* Entries provided
*****

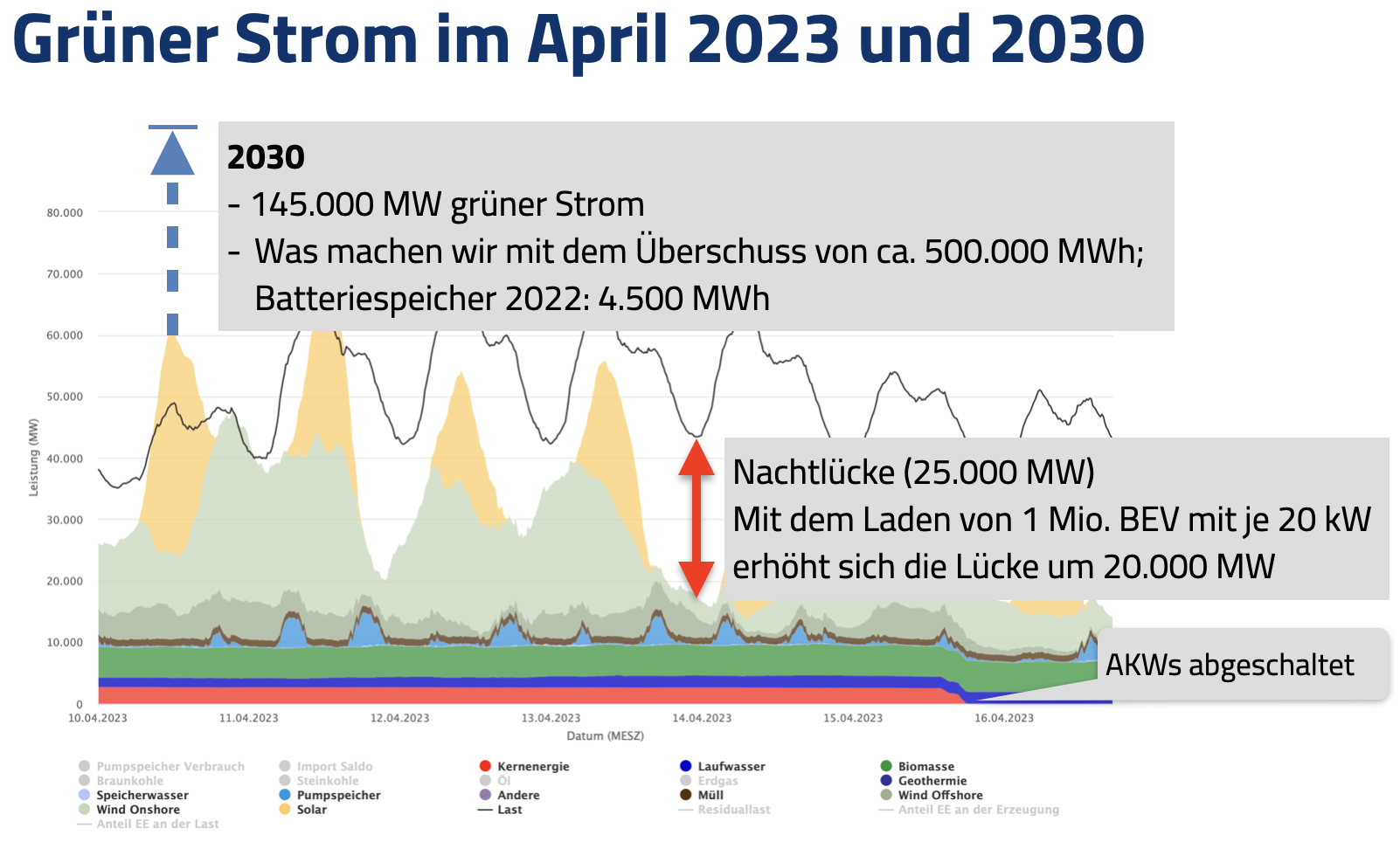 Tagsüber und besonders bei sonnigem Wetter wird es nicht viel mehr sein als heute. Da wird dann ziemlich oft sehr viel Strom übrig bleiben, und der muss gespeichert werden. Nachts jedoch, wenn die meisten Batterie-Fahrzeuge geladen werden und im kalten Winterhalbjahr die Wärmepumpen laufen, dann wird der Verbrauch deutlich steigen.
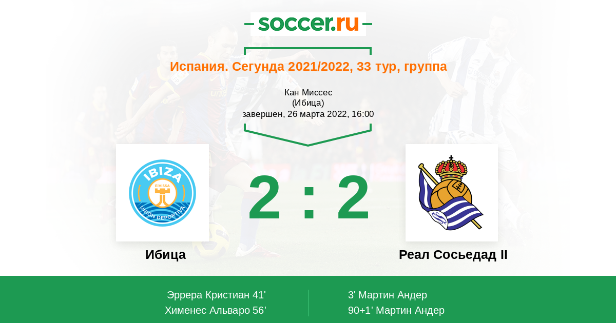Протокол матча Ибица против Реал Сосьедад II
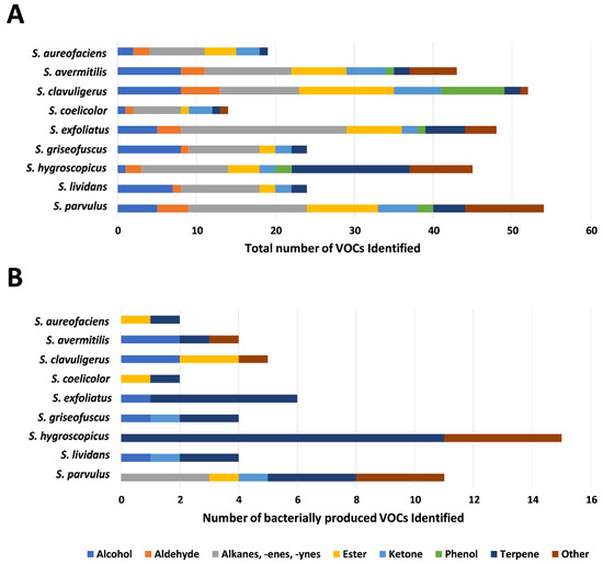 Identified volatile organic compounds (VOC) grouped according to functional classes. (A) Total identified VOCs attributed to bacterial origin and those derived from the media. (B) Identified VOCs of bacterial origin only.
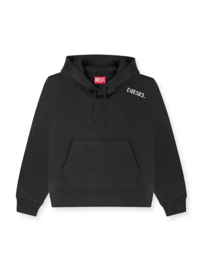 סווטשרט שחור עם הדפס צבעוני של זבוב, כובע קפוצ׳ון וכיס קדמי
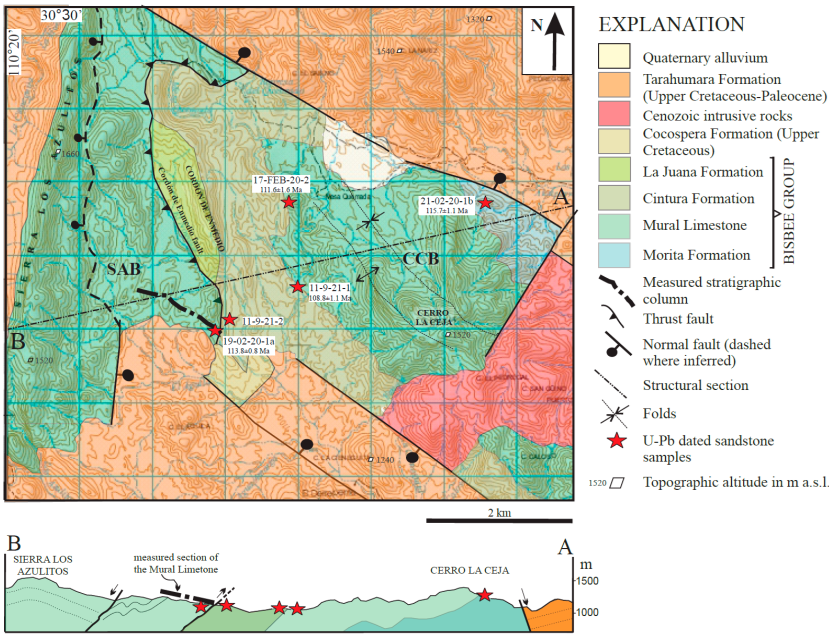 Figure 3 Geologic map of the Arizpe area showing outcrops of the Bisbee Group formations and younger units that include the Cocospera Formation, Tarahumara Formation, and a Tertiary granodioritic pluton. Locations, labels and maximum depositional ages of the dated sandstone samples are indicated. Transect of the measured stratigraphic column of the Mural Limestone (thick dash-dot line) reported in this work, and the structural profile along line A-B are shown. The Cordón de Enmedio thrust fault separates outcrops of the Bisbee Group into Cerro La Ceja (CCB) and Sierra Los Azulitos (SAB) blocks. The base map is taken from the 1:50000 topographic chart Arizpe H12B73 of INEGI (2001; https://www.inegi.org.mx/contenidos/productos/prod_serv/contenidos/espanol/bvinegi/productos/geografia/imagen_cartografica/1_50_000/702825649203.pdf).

*****

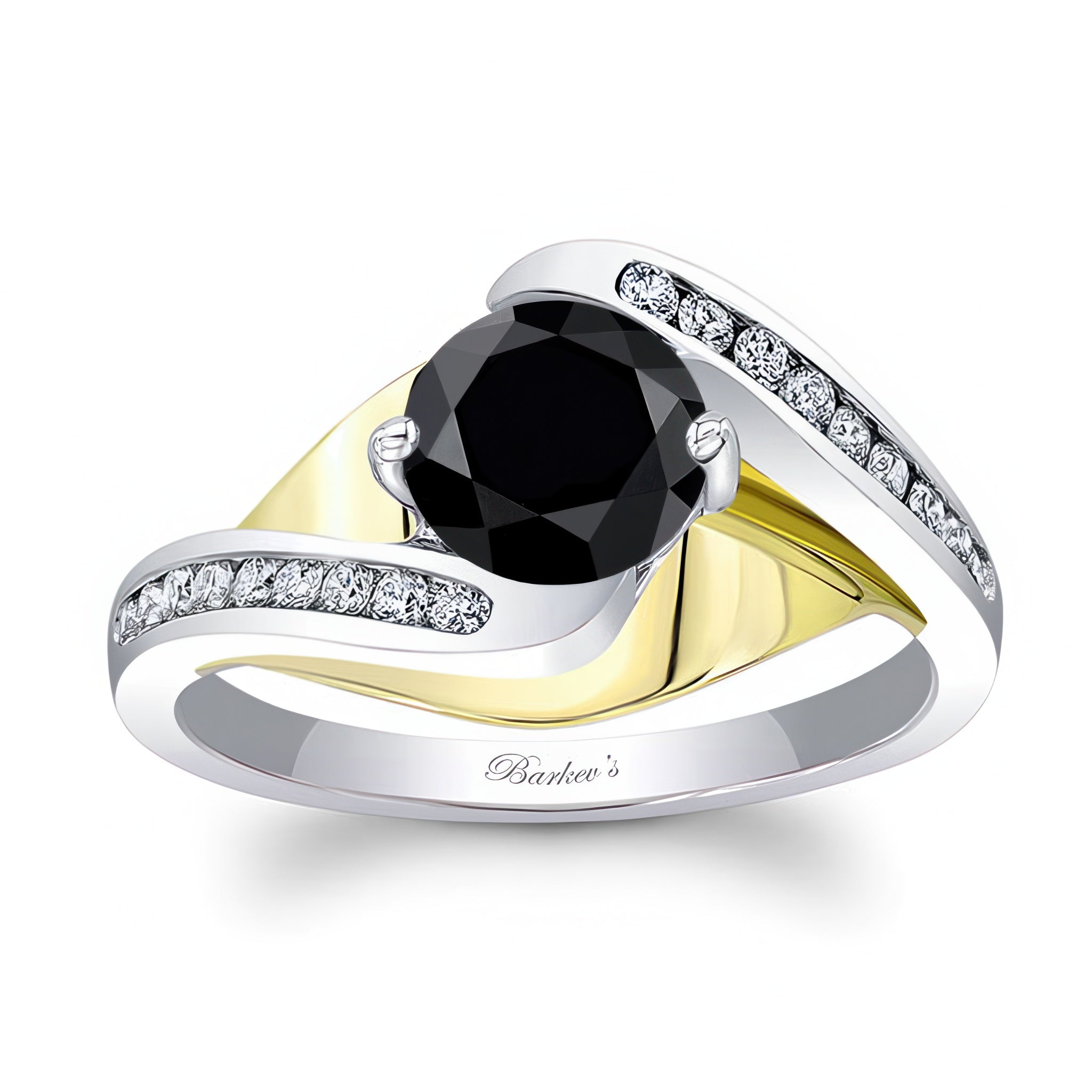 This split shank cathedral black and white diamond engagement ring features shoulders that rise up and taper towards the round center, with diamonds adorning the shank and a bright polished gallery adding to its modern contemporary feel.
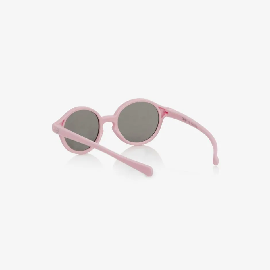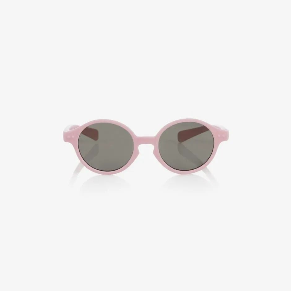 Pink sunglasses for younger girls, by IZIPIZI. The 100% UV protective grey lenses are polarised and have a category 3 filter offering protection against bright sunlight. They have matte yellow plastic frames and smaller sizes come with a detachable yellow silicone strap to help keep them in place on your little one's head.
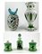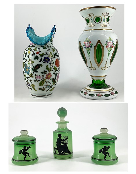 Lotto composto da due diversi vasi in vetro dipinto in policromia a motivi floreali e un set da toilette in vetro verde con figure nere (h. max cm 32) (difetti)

*****

* What you should do
Everything from the line with "Tagsüber und besonders" down to the line with "Протокол матча Ибица против Реал Сосьедад II" in the data above should be copied exactly, with both end lines kept and the pictures left out.

* Expected output
 Tagsüber und besonders bei sonnigem Wetter wird es nicht viel mehr sein als heute. Da wird dann ziemlich oft sehr viel Strom übrig bleiben, und der muss gespeichert werden. Nachts jedoch, wenn die meisten Batterie-Fahrzeuge geladen werden und im kalten Winterhalbjahr die Wärmepumpen laufen, dann wird der Verbrauch deutlich steigen.
Протокол матча Ибица против Реал Сосьедад II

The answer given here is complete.